Based on these considerations, and the low estimated approach velocity of the inlet structure and proposed fish exclusion bar rack design, overall entrainment and impingement risk to aquatic species in Seminoe Reservoir is low and these effects are not likely to significantly impact reservoir populations.
Total dissolved gas supersaturation downstream of some hydroelectric dams can cause localized gas bubble trauma or mortality in fish and other aquatic species, primarily as a result of air mixing with water during spillway use or as it is injected into turbines during operations to prevent cavitation. There is no evidence that gas supersaturation adversely affects hatching success of salmonid embryos (AFGD undated). Gas bubble disease can result in low-level fish mortality, however adult and juvenile fish exposed to high total dissolved gases will seek greater depth or cooler waters where the saturation level is lower (AFGD undated). Because pumped storage operations do not involve spillway use and no air injection will be required as part of Project operations, gas supersaturation is not anticipated to occur.
As described above, the Project will create an “open loop” hydraulic arrangement between the existing Seminoe Reservoir and the proposed upper reservoir. The Project will not change the operations, area, or volume of Seminoe Reservoir; thus no injury or mortality to fishery resources from supersaturation within and downstream of Seminoe Reservoir are expected from construction and operation of the Project.

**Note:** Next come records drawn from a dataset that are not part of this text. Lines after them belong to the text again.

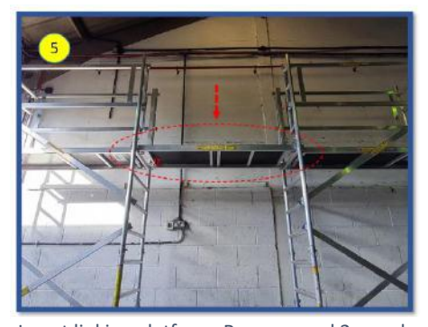
Insert linking platform. Recommend 2 people.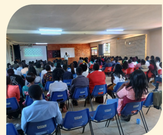
Teachers Conference at CITAM, Eldoret

We're thrilled to celebrate the launch of Teachers' Conferences , a powerful new strategy to equip and mobilize teachers for ministry in schools! By God's grace, successful conferences have already taken place in the Lake, Central, Western, and North Rift regions reaching a total of 533 teachers. These gatherings are igniting a passion for transforming young lives through dedicated teachers. Here's to many more children being impacted for God's glory! Pray with us for establishment of Teachers Fellowships in every county and for successful conferences in 2025 targeting 1000 teachers.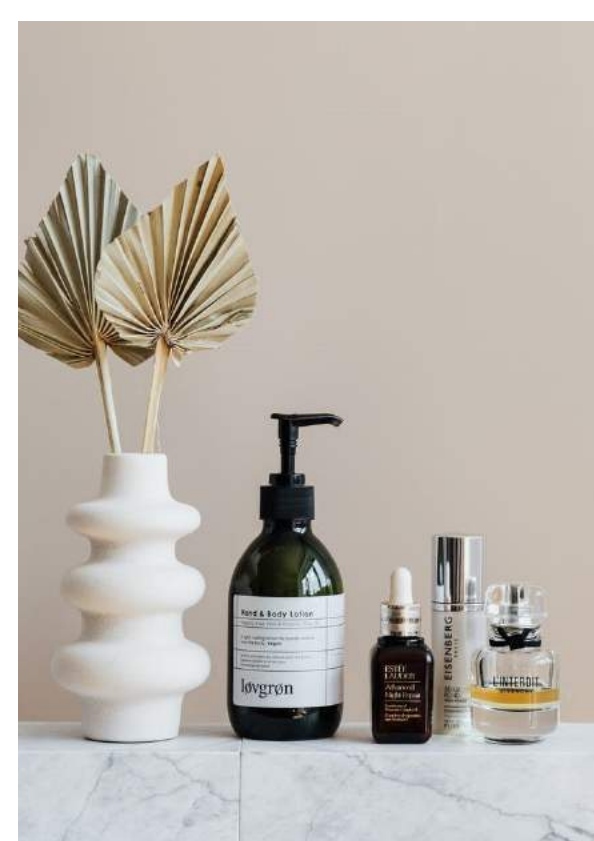
The Fragrance Family Set $99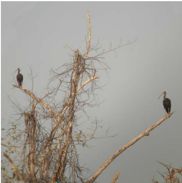
White-shouldered & Giant Ibis, Tmat Boey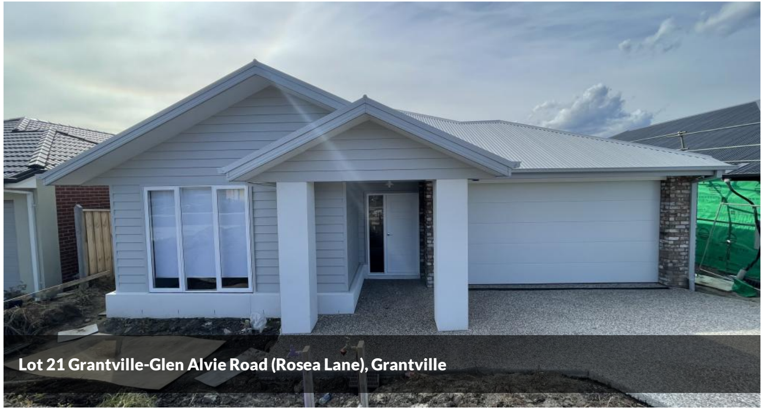
Lot 21 Grantville-Glen Alvie Road (Rosea Lane), Grantville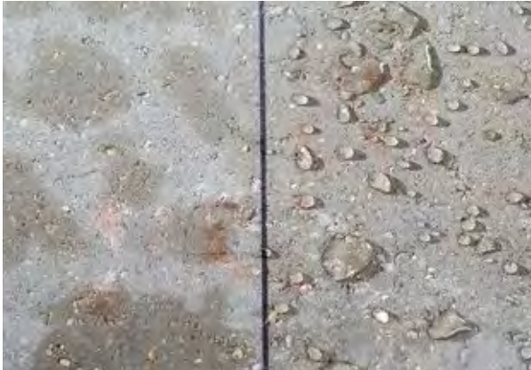
Untreated concrete (left) versus concrete treated with Salt Protector Plus™ WB (right).

Salt Protector Plus™ WB acts as a barrier against water and salt which can damage and deteriorate exterior concrete and masonry. With its remarkable beading action, Salt Protector Plus™ WB offers visual proof of water repellency.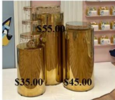
GOLD CYLINDERS Luxury Pedestal Cylinders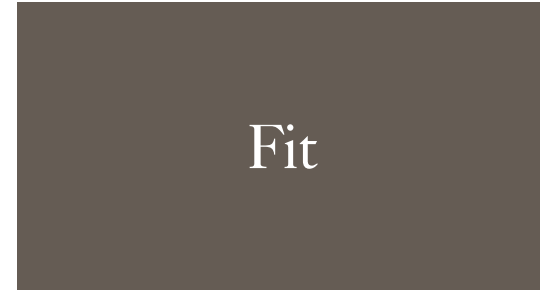
The new Fit makes small feel big.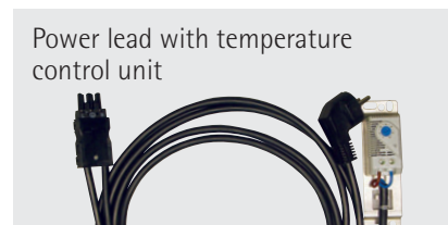
Power lead with temperature control unit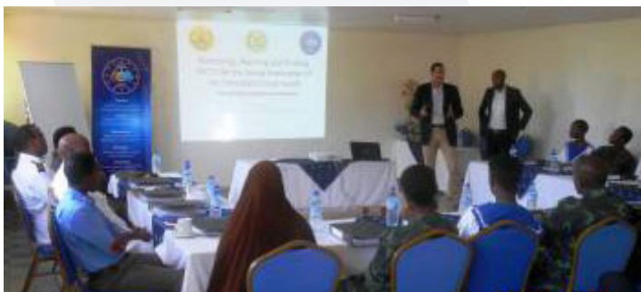
EUCAP Nestor team deliver Mentoring, Teaching and Training Programme to members of the Somaliland Coastguard

As one element of the comprehensive approach of the European Union in the Horn of Africa, the EU's maritime security capacity building mission, EUCAP Nestor , now with an extended mandate until 2016, continues to develop partnerships and deliver training throughout the region. In the framework of an on-going Mentoring Teaching and Training programme - MTT - coordinated by the EUCAP Nestor Somalia office in Somaliland, a 3-day MTT activity for Somaliland young Coast Guard Officers was organized between 26 – 28 August. The MTT, attended by 20 mostly junior officers, provided a foundation knowledge of maritime subjects. In particular, as a result of the EUCAP Nestor training, the young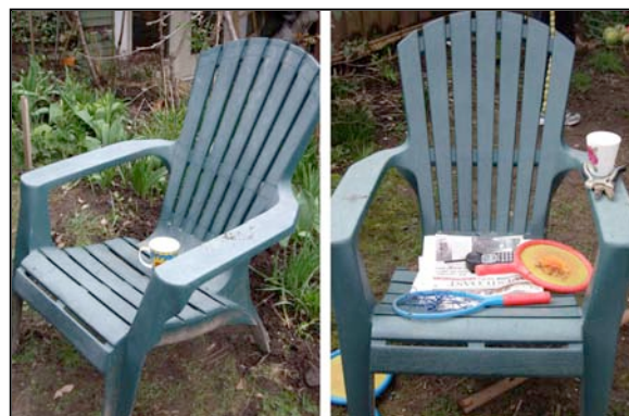
Figure 2 Two lawn chairs used as temporary garden tables

The examples above are simple actions of appropriating artifacts by discovering and exploiting the affordances, such as the flat surfaces of the chairs, or container qualities of the measuring cup.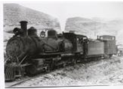
Engine #30 derailed at Rainbow Junction, Utah (1987.39.18)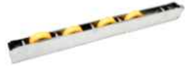
Four Adj. Roller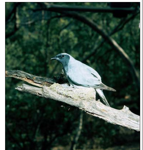
Black-faced Cuckoo-shrike - David Hollands

Guide No. 5 in a series of guides prepared by the East Gippsland Bird Observers Club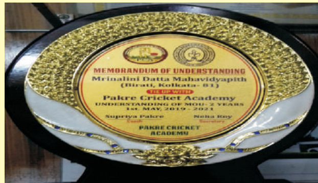
Memorandum of Understanding of MDMCA

Mrinalini Datta Mahavidyapith has entered into a partnership with Pakre Cricket Academy(59 th Ananth Nath Deb Lane; Belgachia, Kolkata- 700037) to form Mrinalini Datta Mahavidyapith Cricket Academy (MDMCA). The Training Partner will remain responsible in imparting Cricket Training Course to the students enrolled with Mrinalini Datta Mahavidyapith Cricket Academy and in issuing Certificates to them jointly by the college and the Training Partner on successful completion of the course. The training will be imparted from the session, 2019-2020. The Training Partner will impart training to the enrolled students within the college playground. The Cricket Training Course for the prospective college students will be provided by the Training Partner free of cost.

As discussed in Section 2.1.1.2, Project operations are predicated to have a daily surface water fluctuation of 6.4 inches under normal operating headwater elevation of 6,357 feet. Any change in Seminoe Reservoir elevation due to Project operations will be within the historic range of Seminoe Reservoir water levels and, therefore, any impacts to aquatic habitats would occur in areas where Seminoe Reservoir has operated historically. Much of Seminoe Reservoir aquatic habitat consists of gradual to steep drop-offs from the shoreline and shallow sections of Seminoe Reservoir dominated by sandy substrate. Project operations will result in gradual changes in reservoir elevation over the course of pumping and generation events. At Seminoe Reservoir low operating elevation of 6,290 feet, a full 9.7 hour generation event will produce less than a 2 inch per hour increase in reservoir elevation. A full pumping event will occur over an average of 17.05-hour period at a rate of less than 2 inch per hour change in elevation. Project effects on Seminoe Reservoir water level and surface area will occur within a band where wave action has historically altered water levels and impacted aquatic habitat conditions on an intra-day and even intra-hour scale.